--- Excerpted data Enclosed Below ---

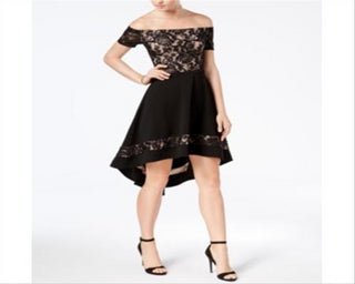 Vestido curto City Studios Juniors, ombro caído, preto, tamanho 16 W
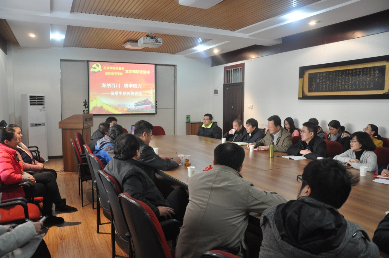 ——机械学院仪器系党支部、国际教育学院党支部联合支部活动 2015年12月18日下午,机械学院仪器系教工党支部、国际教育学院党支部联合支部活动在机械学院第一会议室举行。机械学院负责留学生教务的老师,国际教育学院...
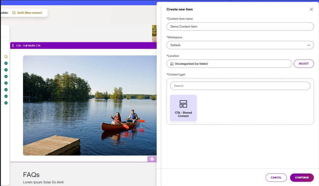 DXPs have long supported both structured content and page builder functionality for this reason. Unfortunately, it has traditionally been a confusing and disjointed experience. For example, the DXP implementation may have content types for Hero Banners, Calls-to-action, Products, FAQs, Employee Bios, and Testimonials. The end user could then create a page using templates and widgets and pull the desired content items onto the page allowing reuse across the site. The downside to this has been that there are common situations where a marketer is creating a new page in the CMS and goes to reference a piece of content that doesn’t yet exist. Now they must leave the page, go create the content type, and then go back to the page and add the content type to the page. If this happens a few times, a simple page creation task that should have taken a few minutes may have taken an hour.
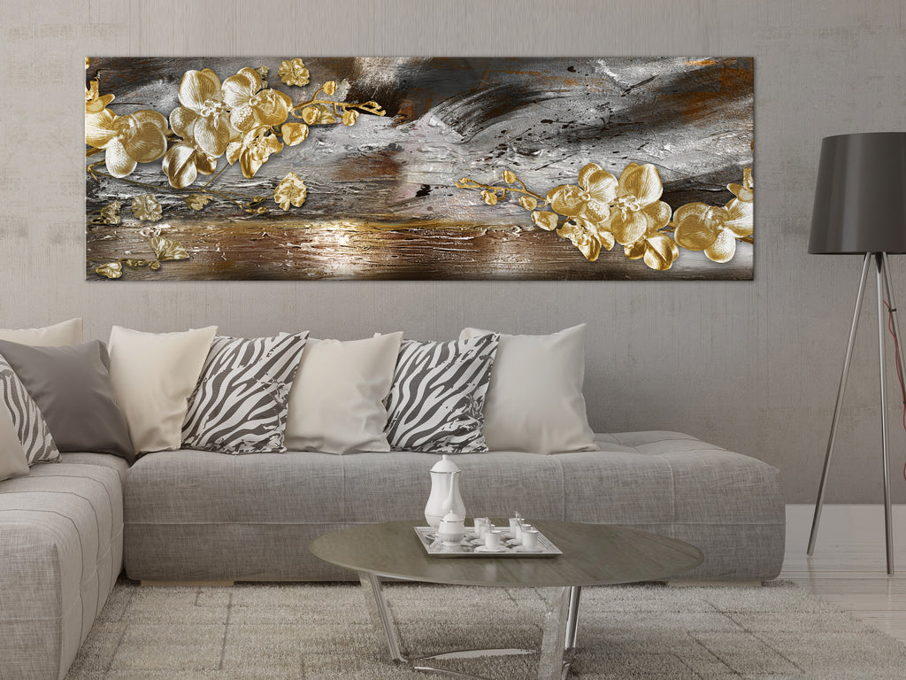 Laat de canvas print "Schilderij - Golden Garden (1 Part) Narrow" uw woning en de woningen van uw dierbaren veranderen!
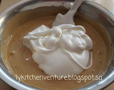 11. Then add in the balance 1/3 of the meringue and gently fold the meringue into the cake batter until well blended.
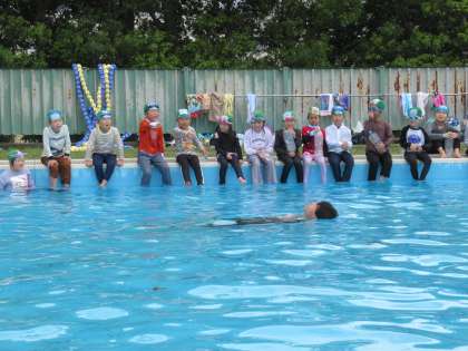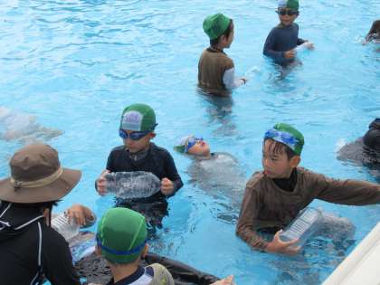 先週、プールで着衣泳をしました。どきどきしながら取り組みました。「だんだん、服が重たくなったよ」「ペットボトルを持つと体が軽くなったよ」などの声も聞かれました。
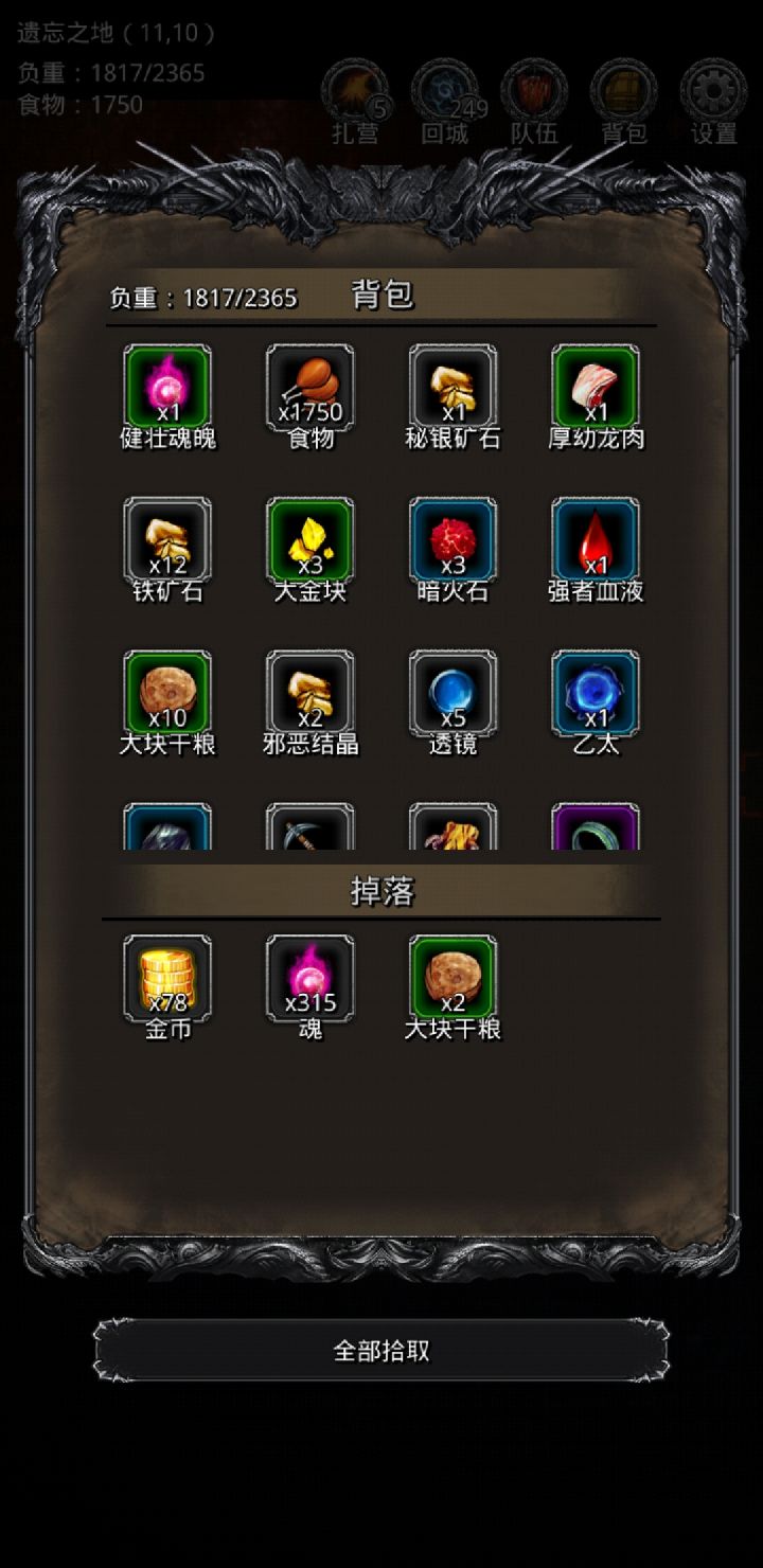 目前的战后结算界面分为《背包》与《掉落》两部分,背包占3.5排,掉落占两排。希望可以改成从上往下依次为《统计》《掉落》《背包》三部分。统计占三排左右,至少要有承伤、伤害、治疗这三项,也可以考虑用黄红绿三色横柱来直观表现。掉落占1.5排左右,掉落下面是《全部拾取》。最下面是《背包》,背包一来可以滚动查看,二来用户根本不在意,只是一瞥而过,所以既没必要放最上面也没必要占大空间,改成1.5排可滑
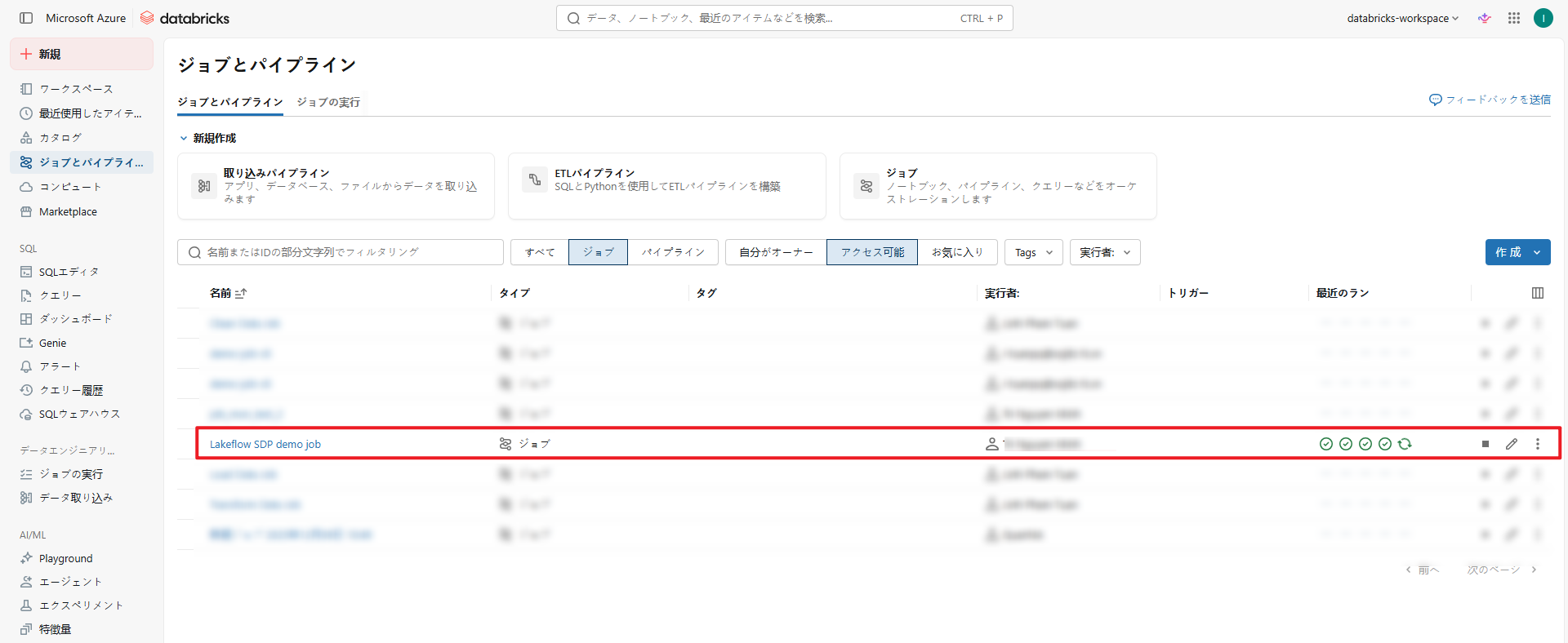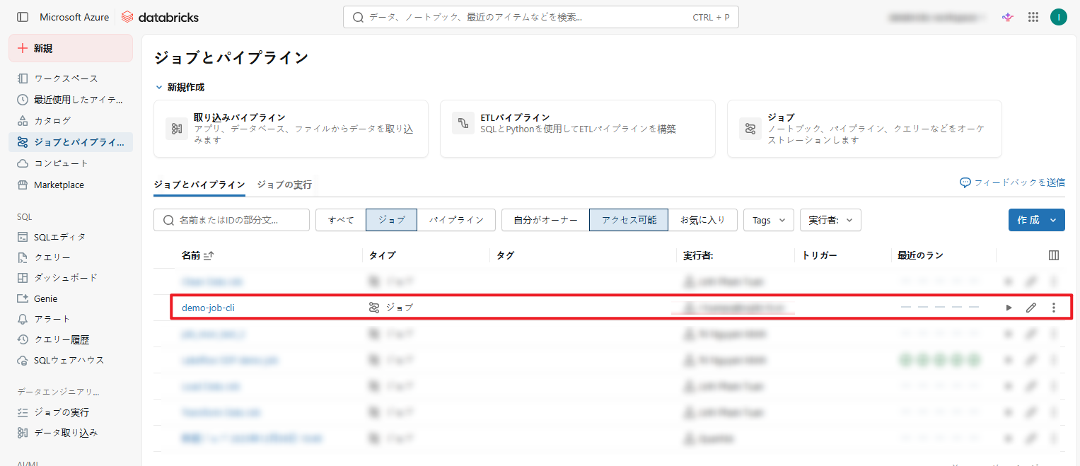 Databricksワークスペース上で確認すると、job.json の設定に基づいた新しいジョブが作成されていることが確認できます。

--- End of Enclosed Excerpted data ---
--- Excerpted data Enclosed Below ---

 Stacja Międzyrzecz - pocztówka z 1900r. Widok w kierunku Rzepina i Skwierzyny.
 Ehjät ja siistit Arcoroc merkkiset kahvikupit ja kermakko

--- End of Enclosed Excerpted data ---
--- Excerpted data Enclosed Below ---

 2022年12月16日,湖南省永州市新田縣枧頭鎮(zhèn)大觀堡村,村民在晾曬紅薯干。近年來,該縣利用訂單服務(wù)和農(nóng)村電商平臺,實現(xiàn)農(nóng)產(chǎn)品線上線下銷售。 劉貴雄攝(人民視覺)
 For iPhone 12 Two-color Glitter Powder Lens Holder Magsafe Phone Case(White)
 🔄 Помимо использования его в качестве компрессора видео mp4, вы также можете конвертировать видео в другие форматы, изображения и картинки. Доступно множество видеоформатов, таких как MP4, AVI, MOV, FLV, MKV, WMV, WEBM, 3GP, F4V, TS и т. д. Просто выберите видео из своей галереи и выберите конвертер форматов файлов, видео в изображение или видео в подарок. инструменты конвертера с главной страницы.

--- End of Enclosed Excerpted data ---

▶ [Task instructions]: Could you repeat exactly the lines above from the line with "For iPhone 12" up to and including the line with "с главной страницы.", and only those?

▶ [Response to the task]:
 For iPhone 12 Two-color Glitter Powder Lens Holder Magsafe Phone Case(White)
 🔄 Помимо использования его в качестве компрессора видео mp4, вы также можете конвертировать видео в другие форматы, изображения и картинки. Доступно множество видеоформатов, таких как MP4, AVI, MOV, FLV, MKV, WMV, WEBM, 3GP, F4V, TS и т. д. Просто выберите видео из своей галереи и выберите конвертер форматов файлов, видео в изображение или видео в подарок. инструменты конвертера с главной страницы.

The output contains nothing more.